Battery State of Charge Prediction
Predict battery state of charge (SOC) using machine learning. Use the Streamlit web app easily browse available models and predict SOC on cell dischrage data.
Models are built using Tensorflow and trained on LG 18650HG2 and Panasonic 18650PF Li-ion battery datasets.
Repository Contents
-
datasets/
: Download datasets and load into this folder as 'LG_18650HG2' and 'Panasonic_18650PF'. -
training/
: Jupyter notebooks to analyze and train DNN, CNN, and LSTM models. -
training/model_evals
: Compare model performance. -
pre-trained/
: Pre-trained DNN, CNN, and LSTM models. -
app/
: Streamlit app that allows users to play with their own data using the pre-trained models.
Convert MAT to CSV
Use the /training/panasonic/convert_mat_to_csv.ipynb
notebook to convert MAT files to CSV. Useful for the Panasonic dataset where only MAT files are available.
Usage
To get started
- Clone this repository to your local machine.

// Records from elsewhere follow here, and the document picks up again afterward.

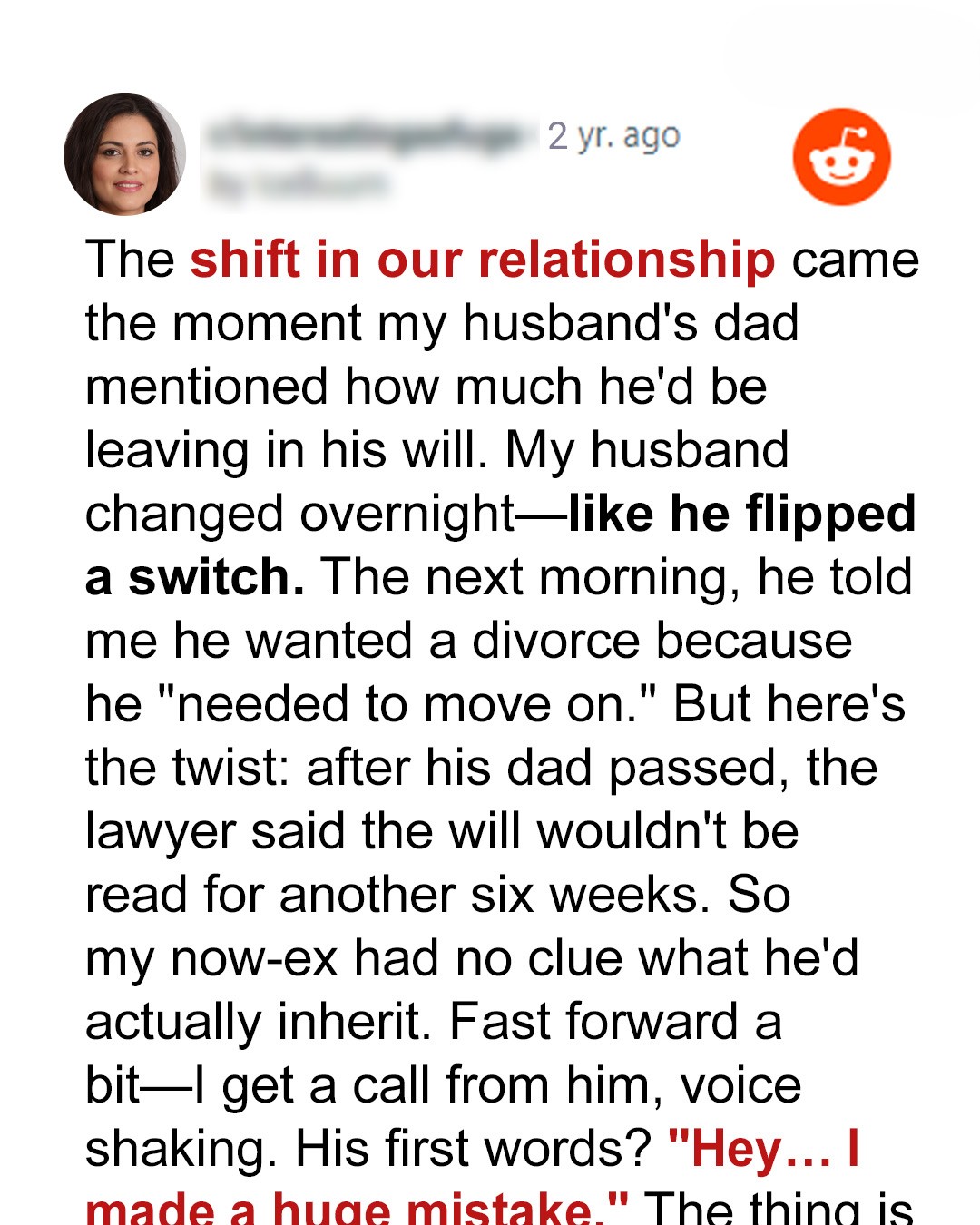 “There’s a will,” he said breathlessly. “Dad… he left something big.”“Like… how big?” I blinked.“Half a million,” he whispered, a little stunned, a little giddy. “The lawyer said there’s paperwork, formalities, but yeah. It’s real.”I remember the way he looked at me. Not through me, not with affection, but like I was suddenly part of an equation he hadn’t finished solving yet.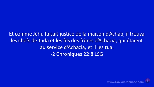 Et comme Jéhu faisait justice de la maison d'Achab, il trouva les chefs de Juda et les fils des frères d'Achazia, qui étaient au service d'Achazia, et il les tua. -2 Chroniques 22:8 LSG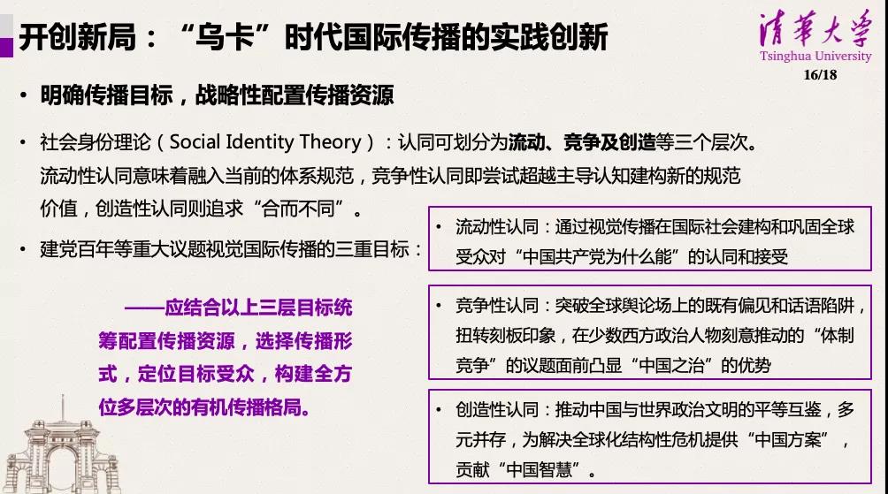 五是应明确传播目标,战略性配置传播资源。从社会身份理论来看,我国国际传播的核心目标即全球身份认同的构建,可划分为流动、竞争与创造三个维度。在战略传播思维下,应结合以上三层目标统筹配置传播资源,选择传播形式,定位目标受众,构建全方位多层次的有机传播格局。
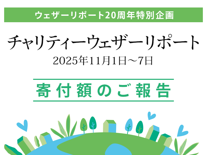 2025年11月1日〜7日に開催した「チャリティー ウェザーリポート」の寄付総額が確定しましたので、ご報告いたします。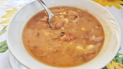 Razmeroma velike porcije tako kokoške kot divjačine stanejo 12 evrov, skoraj pol ceneje kot spodaj na morju, v bolj turističnem delu Primorske. Še nekoliko ugodnejši so bili bogati in gosti bobiči s trganim mesom, koruzo in fižolom – stali so štiri evre. Dodajte še kos kruha in že porcija bobičev bi lahko zadostovala za kosilo. Če vam je to pretežko, običajno skuhajo tudi lažjo govejo juho.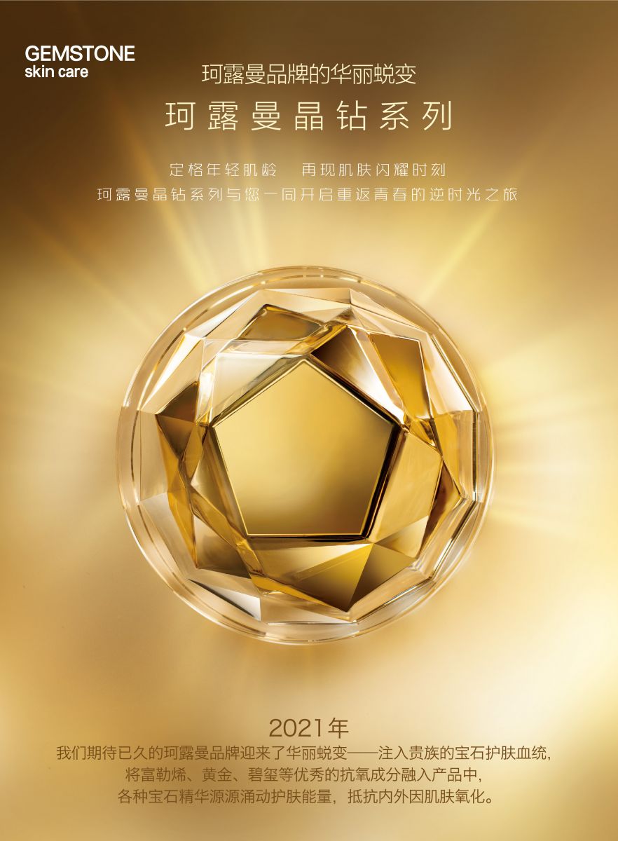 2021年 我們期待已久的珂露曼品牌迎來了華麗蛻變——注入貴族的寶石護膚血統,將富勒烯、黃金、碧璽等優秀的抗氧成分融入產品中, 各種寶石精華源源涌動護膚能量,抵抗內外因肌膚氧化。

- Download datasets, locate them under the 'datasets' folder.
- Convert Panasonic .mat files to .csv.
- Run training notebooks, or use pre-trained models.
- Navigate to
app
folder and run Streamlit appstreamlit run soc_app.py
. - To deploy to Streamlit Cloud visit soc-cloud-app.
Environment Setup
Using 'pip install'. Run the following command to install requirements.
pip install -r requirements.txt
Using Anaconda. Create a battery-soc
environment by running the following command.
conda env create -f environment.yml
Contributors
Andrew C, Talha K, Nemesh W, Xili D -- Memorial Univserity of Newfoundland
Other Research Areas
Battery Surface Temperature Estimation - using the Panasonic 18650PF dataset used here.
M. Naguib, P. Kollmeyer and A. Emadi, "Application of Deep Neural Networks for Lithium Ion Battery Surface Temperature Estimation Under Driving and Fast Charge Conditions," IEEE Transactions on Transportation Electrification, p. 12, 2022.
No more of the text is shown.